Koozali.org: home of the SME Server

pppoe service does not restart although supervised

pwalter

pppoe service does not restart although supervised
« on: May 07, 2005, 07:16:27 PM »
All,

Environment: SME 6.01 with smeplus installed
From time to time, the pppoe service terminates, apparently either because the bridged dsl modem resets (power failure) or the dsl service provider stops responding.

The server log contains the following entries:
Code: [Select]
pppoe[1734]: Session terminated -- received PADT from peer
pppd[1696]: Script /usr/sbin/pppoe -I eth1 -T 120 -U -m 1412 finished (pid 1734), status = 0x0

or
Code: [Select]
pppd[1695]: No response to 2 echo-requests
pppd[1695]: Serial link appears to be disconnected.
pppd[1695:] sent [LCP TermReq id=0x2 "Peer not responding"]
pppd[1695]: sent [LCP TermReq id=0x3 "Peer not responding"]
pppd[1695]: Connection terminated.


The pppoe service is supposed to be supervised, and be restarted automatically, according to the docs for daemontools - but it does not restart.

although the daemon appears to shut down, svstat /service/pppoe reports:
Code: [Select]
/service/pppoe: up (pid xxxx), xxxx seconds, normally down


 The only ways I can get it to start again is to :

1) determine the supervised pid reported by svstat and manually kill it - it restarts almost immediately
2) restart the server
3) manually run the script /service/pppoe/run

All three restore order, but I would really like to figure out why the process is not terminating cleanly in the first place.

Any suggestions, anyone?

Peter

pwalter

pppoe service does not restart although supervised
« Reply #1 on: May 18, 2005, 08:04:02 PM »
The problem is still not fixed. n the interim, I have implemented a temporary cron job which checks every minute if the ppp0 device exists, and kills the supervised pppoe process if it does not - causing the supervised process to restart automatically.

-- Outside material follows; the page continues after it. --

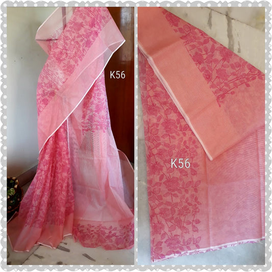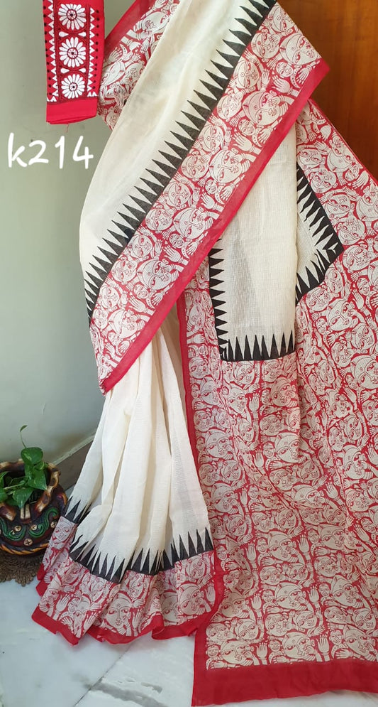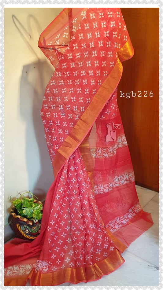 Red Orange Screen Print / Block Print KK Kota Doriya Sarees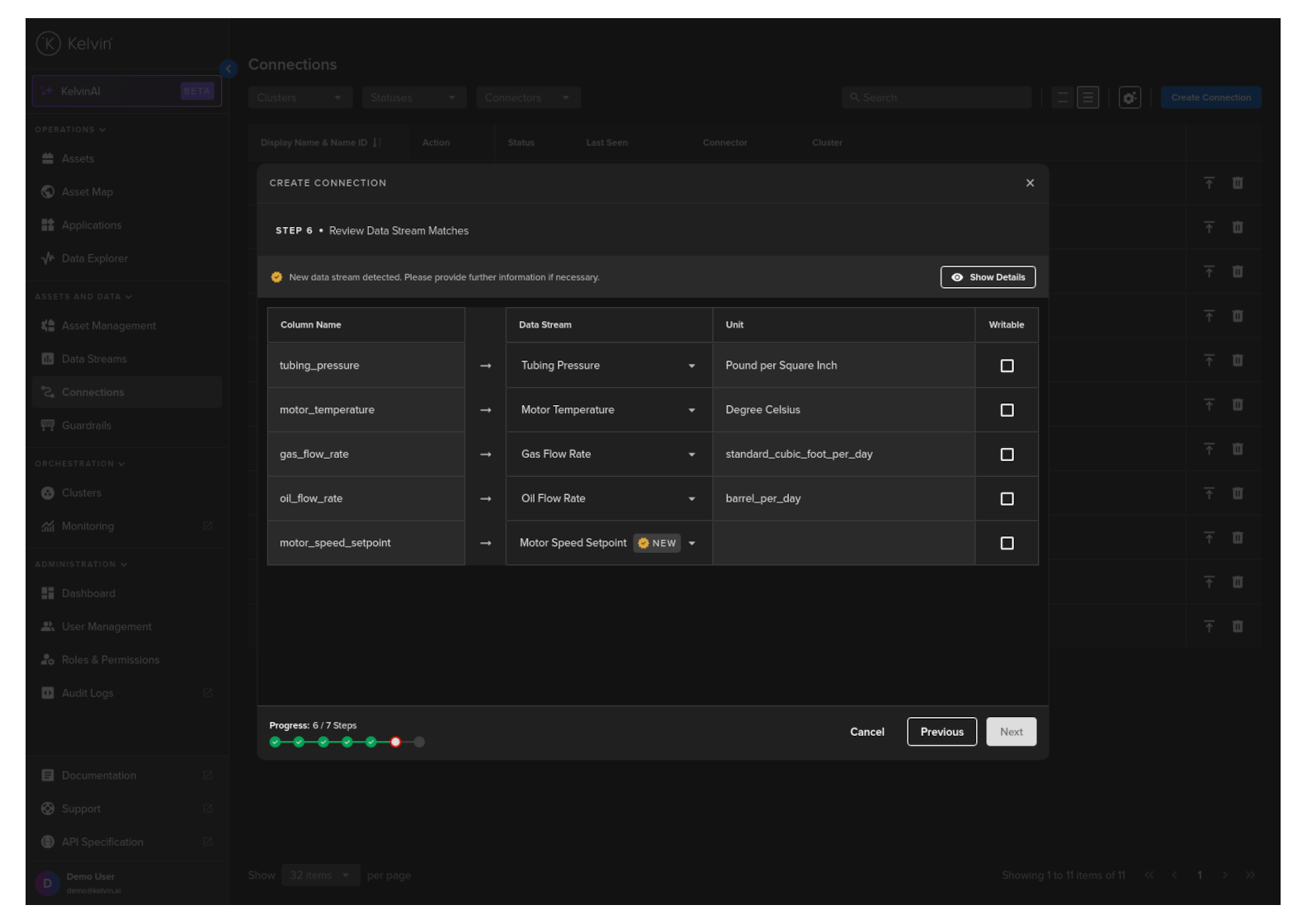 Kelvin UI will attempt to automatically select the right Data Stream based on the column name.

I did this to give me time to try to investigate what the problem really is. What I think it is is that I had included the following template changes to sme:
Code: [Select]

<Script (smtp-redir located in /etc/e-smith/events/actions):>
#!/bin/sh

#------------------------------------------------------------
# Hacked script to try to redirect smtp traffic from external
# port 2525 to internal port 25
#------------------------------------------------------------

# description: Configures IP redirection from an external port to an alternate internal port.

OUTERNET=$(/sbin/e-smith/db configuration get ExternalIP)
/usr/local/bin/redir --lport=2525 --laddr=$OUTERNET --cport=25 --caddr=127.0.0.1

exit 0
</script>

Change the permissions on the script to 0554, and the owner and group to root.
Include symlinks in /etc/e-smith/events/ip-up & ip-change of S88-smtp-redir that point at this script :
ln -s /etc/e-smith/events/actions/smtp-redir /etc/e-smith/events/ip-up/S88-smtp-redir
ln -s /etc/e-smith/events/actions/smtp-redir /etc/e-smith/events/ip-change/S88-smtp-redir

What I suspect is happening is that when pppoe fails and terminates, it is not automatically restarting because the changes I made above mean that the redir program is still running in the same "supervised" process as was pppoe, therefore supervise thinks that the process is still active, and does not restart it.

Is my analysis correct? If so, what would be the "best" way to move the "redir" script so that it is supervised separately, but started after pppoe?

Offline CharlieBrady

  • *
  • 6,918
  • +3/-0
pppoe service does not restart although supervised
« Reply #2 on: May 20, 2005, 03:09:12 AM »
Quote from: "pwalter"

What I suspect is happening is that when pppoe fails and terminates, it is not automatically restarting because the changes I made above mean that the redir program is still running in the same "supervised" process as was pppoe, therefore supervise thinks that the process is still active, and does not restart it.

Is my analysis correct?
[/quit]

Yes, I would think so. Any script in the ip-up event directory is expected to terminate as soon as possible.

Quote

If so, what would be the "best" way to move the "redir" script so that it is supervised separately, but started after pppoe?


Have a look in the bug tracker. There might be a fix which allows portforwarding to localhost. If not, then yes, you could supervise redir separately. Remember to use "exec redir" rather than "redir" as the last line of the run script.

You shouldn't really need to start it after pppoe. You could have it redirect from 0.0.0.0. Or you could drop in a script to restart it during the ip-change event. I'd try the former first.

You might also look at running redir from /etc/inittab.

pwalter

pppoe service does not restart although supervised
« Reply #3 on: May 20, 2005, 03:20:40 AM »
Charlie,
Thank you very much.

Peter